医薬品の分野では、かねてから問題となっていた血液製剤の危険性に着目し、それを改善した新製品の引き合いが国内外から増加、ここ数年で急激に業績を伸ばしていました。
会社は一族経営で、現在は創業者の祖父に代わり、聖くんの伯父が社長を務めていましたが、伯父夫婦には子供がおらず、次期社長として白羽の矢が立てられたのが、聖くんの兄の
淵井詢さん、ドイツ名、マコト・ルードヴィヒ・フォン・リヒトホーフェン(Makoto Ludwig von Richthofen)、21歳。現在、祖父母の家に住みながら、ドイツの大学に通っています。
聖くんの父フランツさんは、その日本支社を任されており、現在の主要な販売は化学薬品で、医薬品に関しては、薬事法の関係で取り引き自体それほど多くはありませんでしたが、いずれ国で認証され解禁になれば、かなりの収益が見込める算段。
実際、日本でもその新薬を使用している患者はいましたが、保険が利かず全額負担となるうえ、個人輸入をするしかなく、まだインターネットがない時代、それは簡単なものではありませんでした。
夏輝くんもそうした患者の一人で、その販売元が同じ小学校のクラスメートだった聖くんの父方の実家であることを知った保さんは、フランツさんの仲介で本社と直接交渉し、新薬の購入に漕ぎ付けた次第です。

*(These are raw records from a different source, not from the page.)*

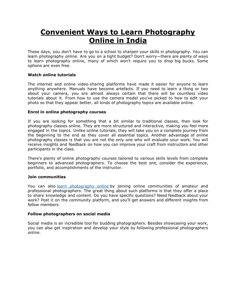 Convenient Ways to Learn Photography Online in India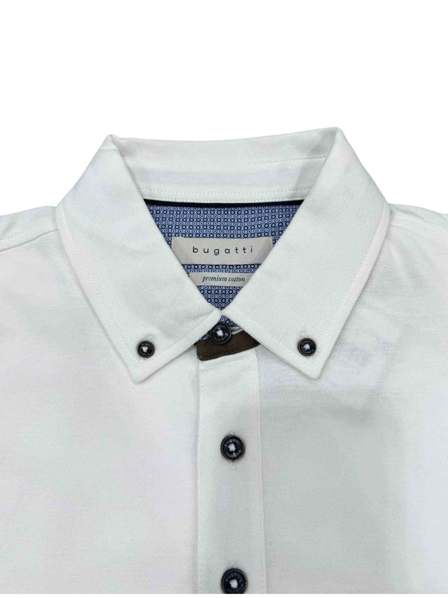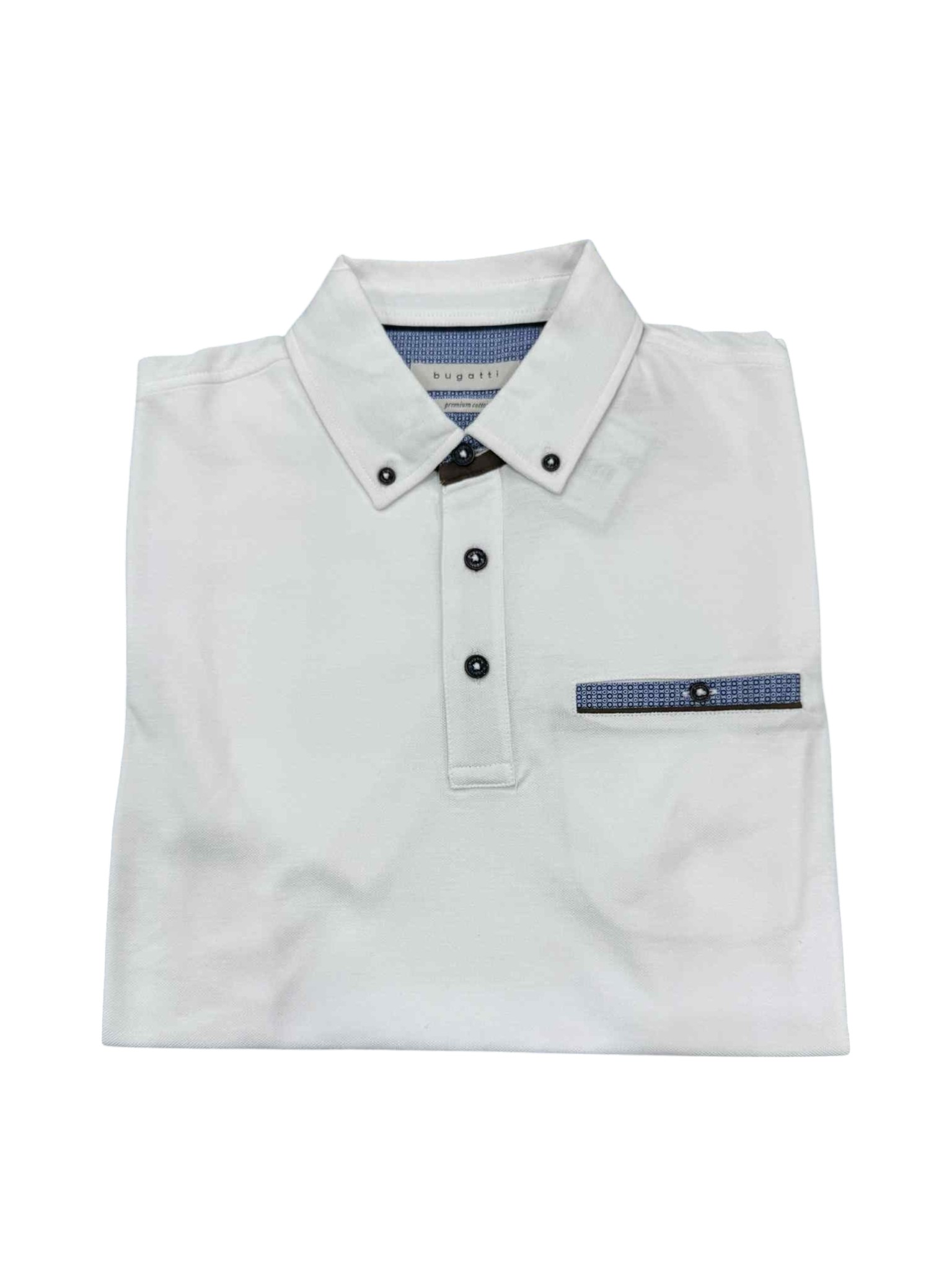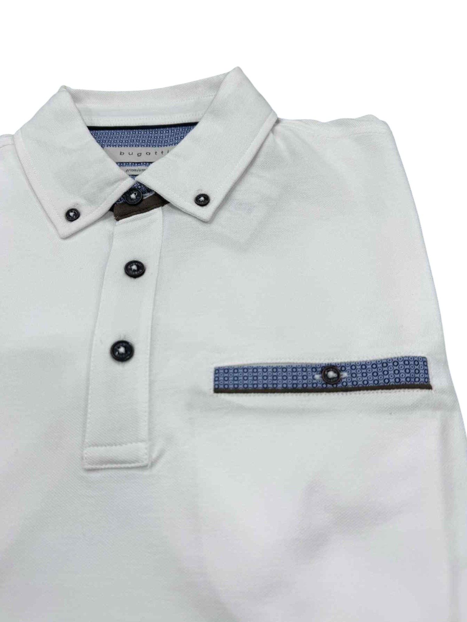 Raffinata e dal gusto contemporaneo, questa polo Bugatti incarna l'equilibrio tra eleganza e praticità. Il bianco luminoso valorizza la linea pulita del capo, mentre il colletto con bottoni dona un tocco di struttura e versatilità. Il dettaglio distintivo è il taschino sul petto, impreziosito da una delicata rifinitura in microfantasia, che aggiunge personalità con sobrietà. Perfetta per l'uomo che desidera uno stile curato, adatto sia al tempo libero che a contesti più formali con un tocco casual.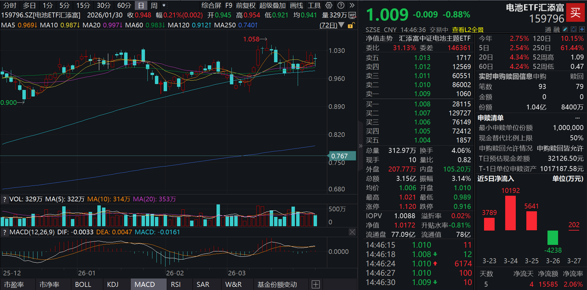 3月30日,A股市场午后小幅回暖,上证指数探底回升成功翻红,新能源板块承压。截至14:46,同类费率最低档的光伏ETF汇添富(516290)跌超3%,此前已连续2日吸金超550万元同类规模领先、费率最低档的电池ETF汇添富(159796)跌近1%,成交额超3.2亿元,交投活跃,盘中资金涌入超1900万元,同样连续两日吸金,近五日累计吸金1.6亿元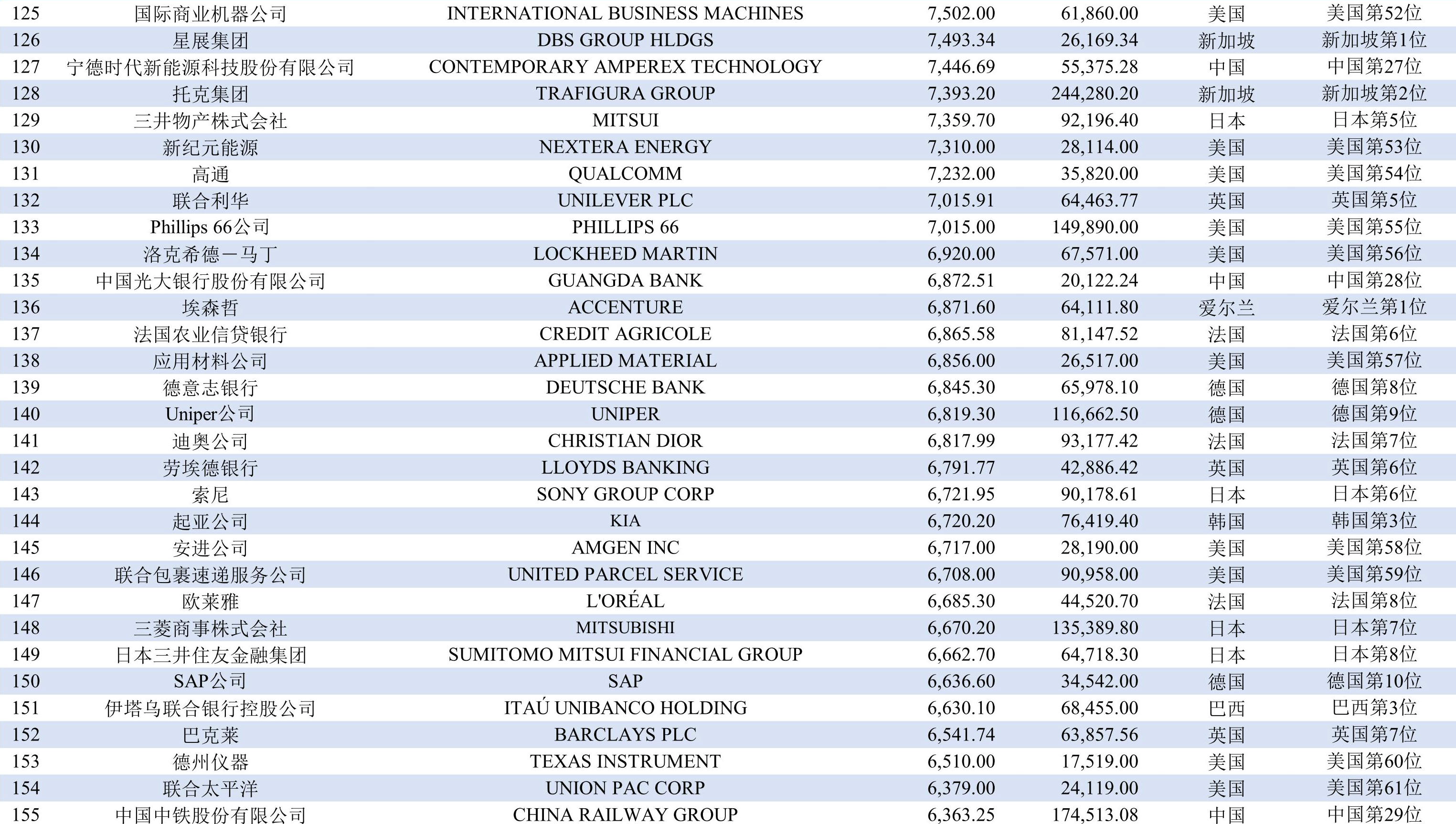 排在第九位的国家有三个,分别是澳大利亚、荷兰和印度,均有8家上榜企业;排在第十二位至第二十一位的国家分别是巴西、俄罗斯、韩国、西班牙、新加坡、意大利、爱尔兰、墨西哥、阿联酋、丹麦,均各有2-6家企业上榜。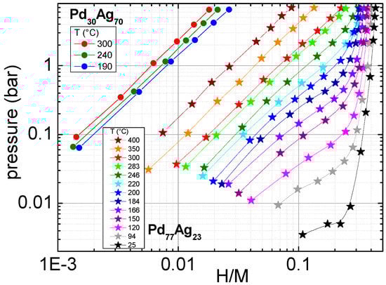 The solubility increases for both samples as temperature decreases. Moreover, at selected temperature and pressure conditions, the hydrogen concentration in Pd77Ag23 is at least one order of magnitude higher than in Pd30Ag70. In Figure 3, one can observe different shapes of the sorption curves as a function of the absorption temperature and Ag content. In fact, Pd30Ag70 shows at all the three temperatures (above 190 °C) a linear dependence of ln(p) from ln(c). This behavior is expected when a single phase is present in the sample. As the hydrogen concentration is extremely low (lower than 10−2), the phase should be the α one, i.e., the solid solution of hydrogen in the metal matrix. This fact is in agreement with previous investigation of the Pd–Ag–H phase diagram in which, for concentration higher than 30% of Ag, only the α phase seems to occur [24,25]. In the case of Pd77Ag23 the high temperature curves (T > 280 °C) clearly display a similar linear dependence, witnessing the occurrence of only the α phase. At lower temperatures, especially below 200 °C, two inflections centered around H/M ~0.08 and 0.25 are visible. This behavior suggests the occurrence of a solid solution at low concentrations and the gradual transformation from the α to the β hydride phase at higher concentrations. This findings are in close agreement with the existence of a critical temperature reported between 283 and 295 °C for Pd–H system [26]: above such a temperature only solid solution of H in palladium can be observed, while at lower temperatures, a transition toward the hydride phase has been reported.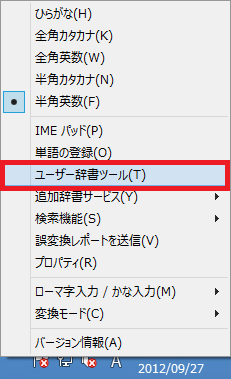 - メニューから[ユーザー辞書ツール]をクリックします。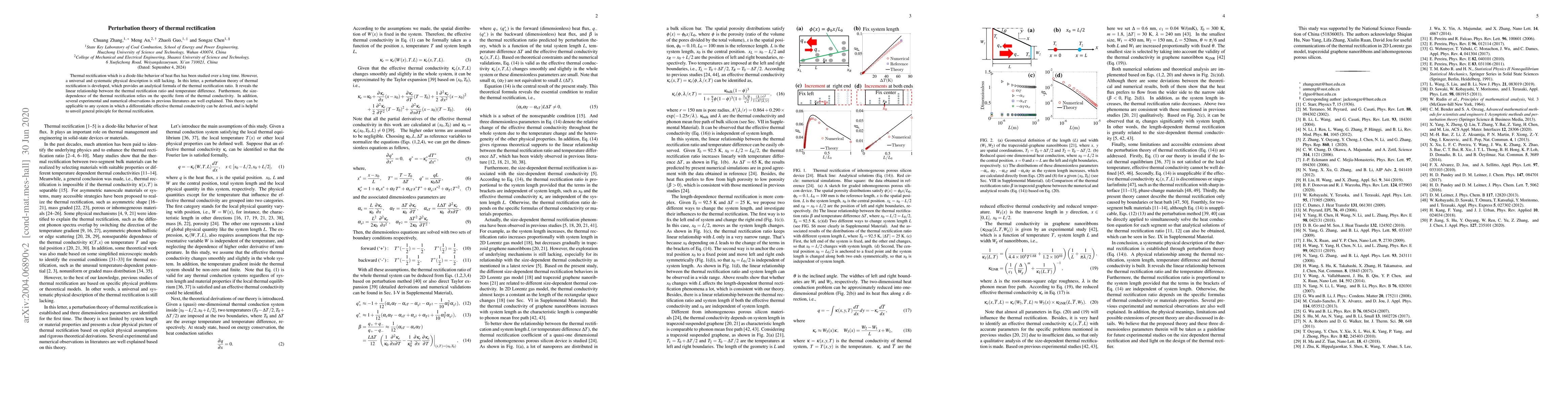 This paper develops a perturbation theory for thermal rectification, providing an analytical formula for the thermal rectification ratio and revealing a linear relationship with temperature difference. The theory explains size-dependent effects based on thermal conductivity and aligns well with previous experimental and numerical observations.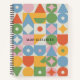 Cute pastel notebook decorated with circles, triangles, and squares in a soft modern geometric style.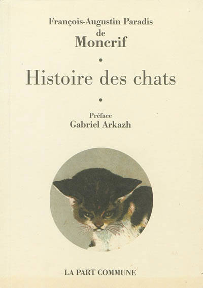 Publié en 1727 l'Histoire des chats de François-Augustin Paradis de Moncrif (1687-1770), contemporain de Voltaire, est le premier livre à plaider la cause des chats. Sur un ton à la fois frivole et sincère, burlesque et sérieux, il retrace la destinée du chat parmi les hommes, à travers les âges, qui de dieu devint diable avant d'être le compagnon fidèle et indépendant de nos foyers.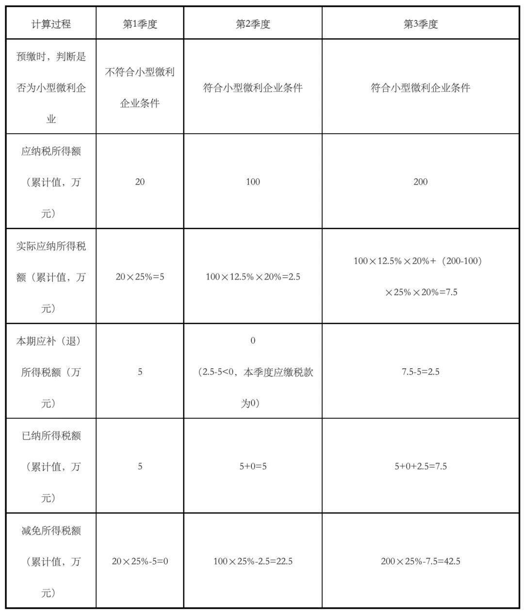 目前,小型微利企業(yè)的判斷標(biāo)準(zhǔn)為:從事國(guó)家非限制和禁止行業(yè),且同時(shí)符合截至本期末的資產(chǎn)總額季度平均值不超過5000萬(wàn)元、從業(yè)人數(shù)季度平均值不超過300人、應(yīng)納稅所得額不超過300萬(wàn)元。今后如調(diào)整標(biāo)準(zhǔn),從其規(guī)定,計(jì)算方法以此類推。示例如下: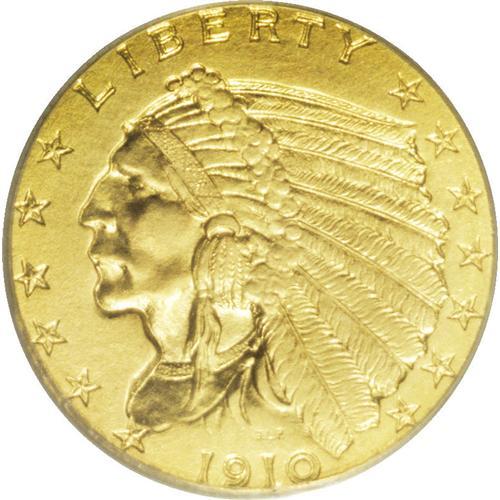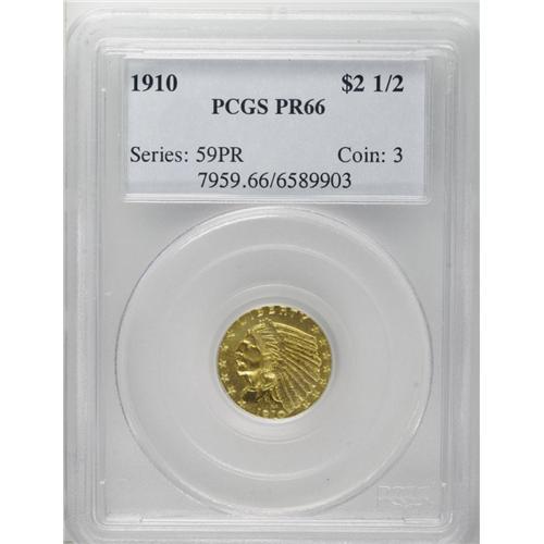 <B>1910 $2 1/2 PR66 PCGS.</B></I> The 1910 issue continues the Roman Gold or Satin Finish proofing process for gold proofs as begun the previous year. The official mintage for this issue was 682 pieces. This number is obviously either a typographical error in the mint report or most of the mintage was melted as unsold at year's end, as this year is one of the scarcer dates in the series, only exceeded in rarity by the 1909 and 1915. One estimate places the number of survivors in the range of 34-36 pieces, but that number may be a bit low. We estimate 100-125 may actually be extant. Akers only recorded 21 appearances in the 30-year survey he conducted, and that number obviously included several duplications. The surfaces of this piece are satiny and show a fine-grain texture that is quite unlike other proof years, making proof gold coins from this and the preceding year one of the shortest and certainly most desirable collecting areas for 20th century gold specialists. A slight reddish tinge is seen in the recessed areas and appealing olive patina frames each side. Most proof Indian quarter eagle dates exhibit dull, dark matte surfaces. Collector complaints about this matte finish, well documented in Roger Burdette's recent reference on the gold designs of 1907 and 1908, resulted in the Roman finish, which is brighter and less granular. The nature of the Saint-Gaudens and Bela Lyon Pratt designs kept the mint from offering them with the brilliant finish familiar on Liberty gold proofs. Population: 6 in 66, 0 finer (10/06).<BR><BR><b>Shipping:</b> Coin/Currency (<a target="_blank" href="http://www.heritageauctions.com/common/shipping.php">view shipping information</a>)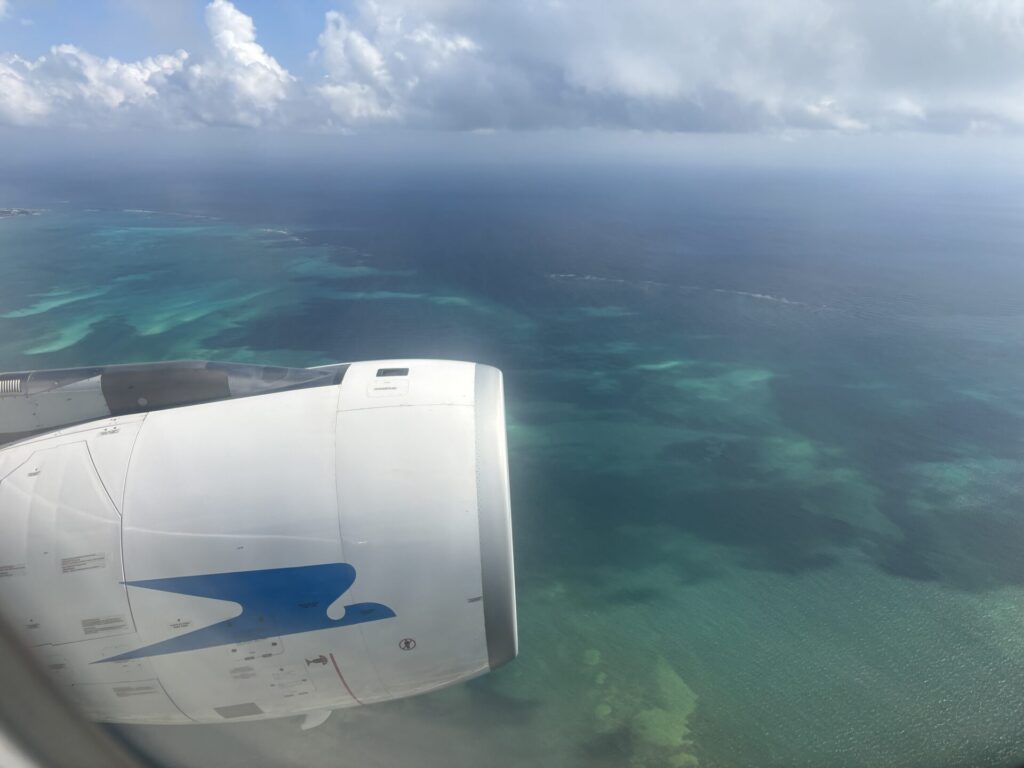 飛行機は、カリブ海を見下ろしながらゆっくり高度を上げていく。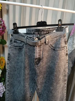 Pantalón vaquero de corte recto con un diseño moderno y un cinturón a juego. - Cinturón con detalles brillantes. - Lavado tipo acid wash o desteñido. - Tiro alto.

本人の仕事の関係もありましたが、彼が頻繁に渡欧していた理由の一つは、大切な息子のために、安全な薬を購入する目的があったからでした。
聖くんの祖父の構想では、長男の詢さんが本社を継ぎ、次男の聖くんには、父親の跡を継いで、日本及びアジア圏での業績の拡大を期待していたのですが、ここにリヒトホーフェン家での嫁舅の確執があったのです。
「ヴィルフリート、日本の学校はどうだ?」
「友達もたくさんいて、とっても楽しいよ」
「そうか。友達は大切にしなさい。だが、将来のことを考えるなら、そろそろこちらの学校への転入を考えないとな」
「そのことですけど」
午後のティータイムで、祖父と孫息子の会話に口を挟んだ、母親のひろ子さん。笑顔を浮かべてはいても、殺気だったオーラが全身から溢れ出していました。